## TASK:
Lines from the one containing "Doch zum Glück" through the final line of the records are the only ones to copy, and each must match exactly.

::::

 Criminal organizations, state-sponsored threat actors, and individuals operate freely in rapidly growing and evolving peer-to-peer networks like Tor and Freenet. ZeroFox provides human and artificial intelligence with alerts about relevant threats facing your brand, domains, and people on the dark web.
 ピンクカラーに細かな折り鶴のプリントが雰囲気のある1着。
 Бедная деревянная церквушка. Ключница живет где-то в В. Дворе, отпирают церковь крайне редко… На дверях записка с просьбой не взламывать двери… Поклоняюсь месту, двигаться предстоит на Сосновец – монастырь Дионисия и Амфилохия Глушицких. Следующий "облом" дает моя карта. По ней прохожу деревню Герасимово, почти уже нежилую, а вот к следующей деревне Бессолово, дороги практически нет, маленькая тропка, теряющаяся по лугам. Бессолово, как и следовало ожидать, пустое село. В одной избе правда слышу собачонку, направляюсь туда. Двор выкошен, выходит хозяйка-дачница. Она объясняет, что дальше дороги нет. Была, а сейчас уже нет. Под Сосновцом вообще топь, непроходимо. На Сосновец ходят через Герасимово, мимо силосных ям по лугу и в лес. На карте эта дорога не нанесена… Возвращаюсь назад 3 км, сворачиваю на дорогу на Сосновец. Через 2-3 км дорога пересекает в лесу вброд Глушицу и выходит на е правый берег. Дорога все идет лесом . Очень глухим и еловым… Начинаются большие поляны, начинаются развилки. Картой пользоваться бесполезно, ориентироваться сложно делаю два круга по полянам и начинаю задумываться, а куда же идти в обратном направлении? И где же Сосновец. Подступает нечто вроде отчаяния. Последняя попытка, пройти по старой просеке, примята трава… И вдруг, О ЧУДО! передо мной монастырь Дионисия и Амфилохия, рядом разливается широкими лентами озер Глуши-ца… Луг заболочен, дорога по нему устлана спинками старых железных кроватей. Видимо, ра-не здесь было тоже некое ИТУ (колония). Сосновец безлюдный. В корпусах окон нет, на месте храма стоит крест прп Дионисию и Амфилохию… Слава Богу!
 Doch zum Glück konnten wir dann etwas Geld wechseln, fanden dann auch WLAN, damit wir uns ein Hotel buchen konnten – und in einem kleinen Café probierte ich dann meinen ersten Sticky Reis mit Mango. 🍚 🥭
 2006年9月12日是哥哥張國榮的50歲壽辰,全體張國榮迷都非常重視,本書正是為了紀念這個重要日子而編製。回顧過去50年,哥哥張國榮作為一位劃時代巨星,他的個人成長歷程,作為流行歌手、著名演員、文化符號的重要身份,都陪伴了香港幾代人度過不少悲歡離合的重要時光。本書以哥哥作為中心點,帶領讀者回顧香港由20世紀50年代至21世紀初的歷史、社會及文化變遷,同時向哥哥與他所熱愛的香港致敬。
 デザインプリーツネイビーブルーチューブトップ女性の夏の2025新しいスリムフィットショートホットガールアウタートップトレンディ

::::

## ANSWER SECTION:
 Doch zum Glück konnten wir dann etwas Geld wechseln, fanden dann auch WLAN, damit wir uns ein Hotel buchen konnten – und in einem kleinen Café probierte ich dann meinen ersten Sticky Reis mit Mango. 🍚 🥭
 2006年9月12日是哥哥張國榮的50歲壽辰,全體張國榮迷都非常重視,本書正是為了紀念這個重要日子而編製。回顧過去50年,哥哥張國榮作為一位劃時代巨星,他的個人成長歷程,作為流行歌手、著名演員、文化符號的重要身份,都陪伴了香港幾代人度過不少悲歡離合的重要時光。本書以哥哥作為中心點,帶領讀者回顧香港由20世紀50年代至21世紀初的歷史、社會及文化變遷,同時向哥哥與他所熱愛的香港致敬。
 デザインプリーツネイビーブルーチューブトップ女性の夏の2025新しいスリムフィットショートホットガールアウタートップトレンディ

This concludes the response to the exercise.